Moment: Anton Graf von Arco auf Valley a "Jewish right-wing extremist"? A footnote explains: “The mother was a née Oppenheim; she came from a family of bankers in Cologne.” But you have to take a closer look here. Arco-Valley had a Jewish grandfather from the Oppenheim family. He married a Protestant woman and accepted her religion.

The daughter, Arco-Valley's mother, was therefore neither Jewish according to Halacha, nor would she have been according to the racial laws of the Nazis.

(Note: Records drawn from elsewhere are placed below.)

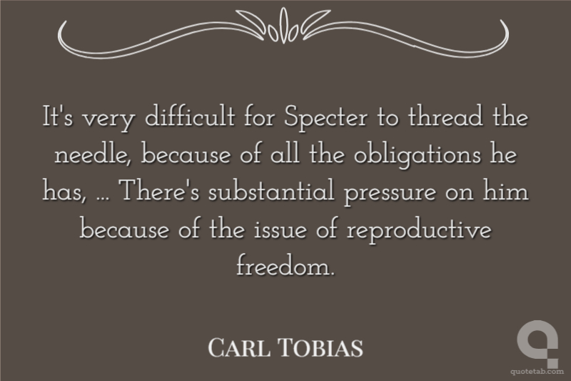 It's very difficult for Specter to thread the needle, because of all the obligations he has, ... There's substantial pressure on him because of the issue of reproductive freedom.
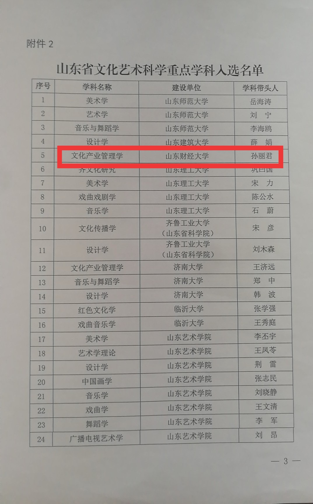 省级以上重点学科-山东省文化厅文化艺术科学重点学科
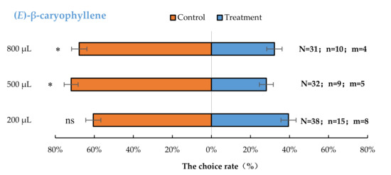 - Liu, Y.; Xie, D.S.; Hu, C.H.; Dong, W.X.; Zhang, F.; Zhang, J.P.; Xiao, C. Influence of β-caryophyllene on the behaviors of female Drosophila suzukii. Environ. Entomol. 2018, 40, 684–689. [Google Scholar]
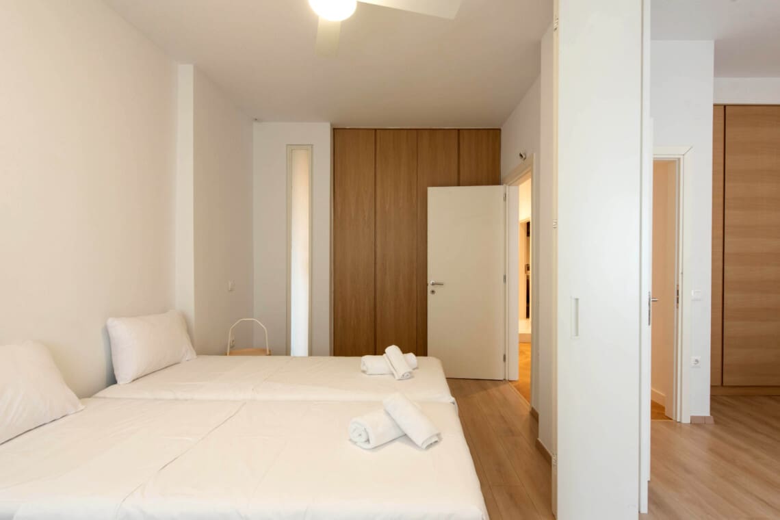 The apartment boasts 3 bedrooms – the first with a double bed and an en suite walk-in closet, the second with a double bed, and the third with 2 single beds. With plenty of space, you will have plenty of room to spread out and relax.
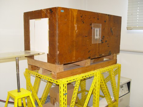 O LBE localiza-se em um prédio (15,05 x 7,80 x 6,00 m3) com paredes tipo telha-forro. A telha-forro é feita com chapas de aço (certificadas pela Companhia Siderúrgica Nacional - CSN) tipo Galvalume AZ150 com 0,5 mm de espessura, forma trapézio 40 e núcleo de Poliestireno Expandido - EPS tipo F (auto extinguível) com 30 mm de espessura e densidade média de 13 kg/m3. O Galvalume (ou Zincalume) é produzido a partir de uma chapa de aço revestida por uma liga de alumínio (55%), zinco (43,5%) e silício (1,5%). O LBE possui sistemas de refrigeração e sinalização, tendo uma plataforma elevada a 1,86 m do nível do solo, onde são posicionados os equipamentos a serem calibrados e a fonte para irradiação. Para posicionamento dos equipamentos existem 2 carrinhos que se deslocam em eixos opostos e outros 2 carrinhos que também se deslocam em eixos opostos, mas perpendicularmente em relação aos eixos anteriores. Os carrinhos são acionados remotamente e um sistema de circuito fechado de câmaras de TV, permite visualizar o movimento de todo o sistema.
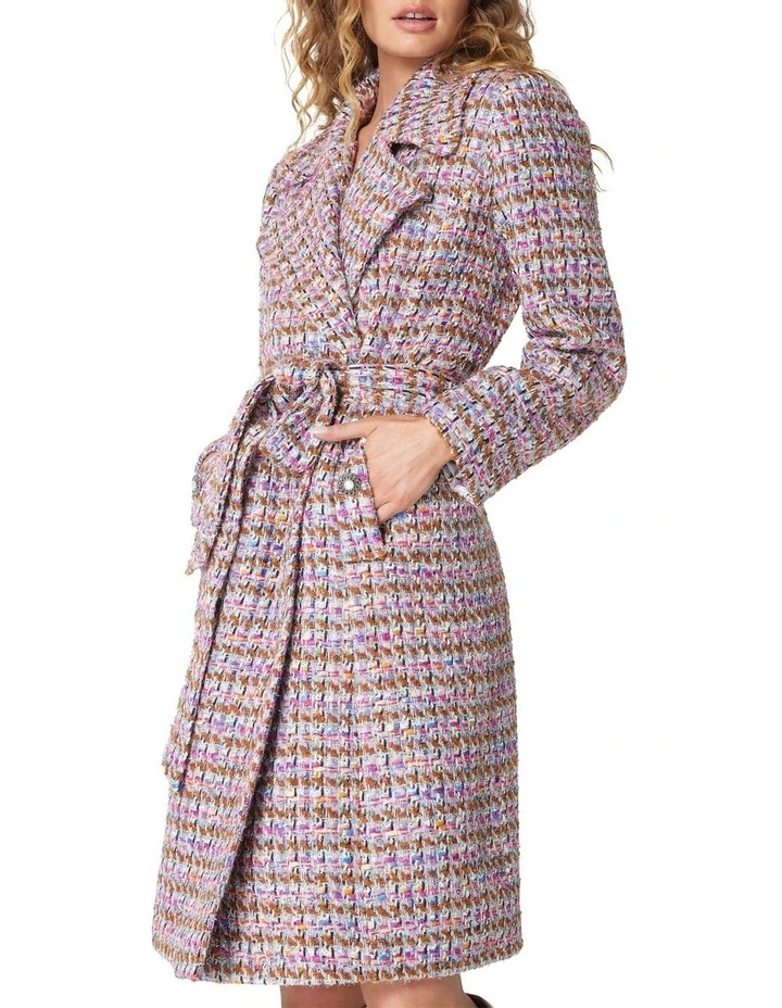 Elliatt’s Chapelle Coat has been carefully designed with remarkable detailed stitching to shape this perfect look. The beautifully coloured textured fabric compliments the structured neckline and tie around waist band. This Coat has plenty of space for building up all the layers needed in winter. Shop the ultimate throwback look now.       Â
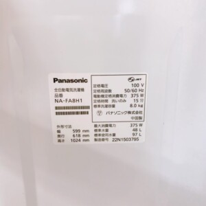 大阪市にてPanasonic全自動洗濯機 NA-FA8H1(2022年製・8.0kg)を出張買取|ファミリー層に人気の容量

Arco-Valley was raised Catholic according to his father's beliefs. He justified the assassination attempt on Eisner as follows: “I am a loyal monarchist, a good Catholic. Above all, I respect the honor of Bavaria. (Eisner) is a Bolshevik. he is jew He's not German, he doesn't feel German..."

Reichel blames the first explicitly anti-Semitic assassination attempt in the Weimar Republic, which was to be followed by others, on an alleged Jew. According to Reichel, the victim was "not just the most popular, he was also the most dangerous politician" in Bavaria.

Because as a martyr he “polarized the politicized masses”. The radicalization finally culminated in the Hitler Putsch of 1923. With all due respect, Herr Professor: This is perpetrator-victim reversal of the worst kind. Of course, Reichel is not an anti-Semite. At times, however, "it" speaks from unlikely mouths. And at Hanser-Verlag, which publishes the book, nobody noticed anything. It's all a long time ago.